Meinst du k3b? Damit kann man VCDs brennen ggf brauchst du noch zusätzliche Pakete. Ausprobiert habe ich es allerdings noch nie.

Gruß


----------



## DerHeacker (24. März 2004)

was für ein brenner prgramm empfehlst du denn das sowas kann.


----------



## Vitei (24. März 2004)

Och da fragst du den Falschen ich bin nicht der Profi-Brenner hier. Aber k3b ist eines der verbreitesten Brennprogramme, probier es mal aus, wenn es nicht so dein Ding sein wird dann kannst du ja weiter suchen.

Gruß


----------



## DerHeacker (24. März 2004)

okay ich danke dir wünsche dir noch einen schönen abend cui.


----------



## JohannesR (24. März 2004)

DerHaecker, in Zukunft wünsche ich mir von dir, dass du dich an unsere Netiquette hältst. Dein Satzbau sowie die Groß- und Kleinschreibung lassen sehr zu wünschen übrig.
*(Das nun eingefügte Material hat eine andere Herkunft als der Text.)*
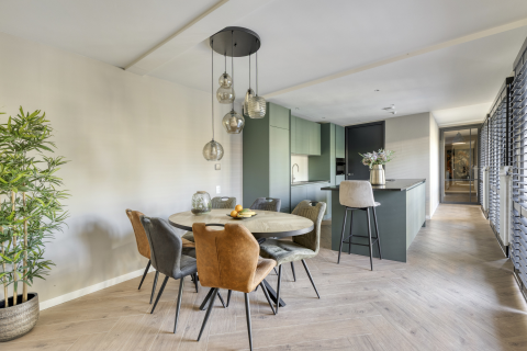 De keuken in U-opstelling sluit naadloos aan op het woongedeelte en is van alle gemakken voorzien. Er is veel werkblad en kastruimte, en moderne inbouwapparatuur zoals een koel-vriescombinatie, combi-oven-magnetron, inductiekookplaat, afzuigkap en vaatwasser. Dankzij de ruime opzet is er plek voor een grote eettafel met zes tot acht stoelen, ideaal om samen uitgebreid te tafelen met familie en vrienden of een gezellig spelletjesavond te organiseren.

Diesmal kommst du noch "straffrei" davon, aber das ist das letzte mal, verstanden?

Danke,
 Johannes


----------



## DerHeacker (24. März 2004)

Okay sorry wuste ich nicht.


----------



## JohannesR (24. März 2004)

Gniii, da kommt ein *Komma* zwischen!

Okay, sorry, wusste ich nicht!

Aber du zeigst ja guten Willen, das find ich schon nett.


----------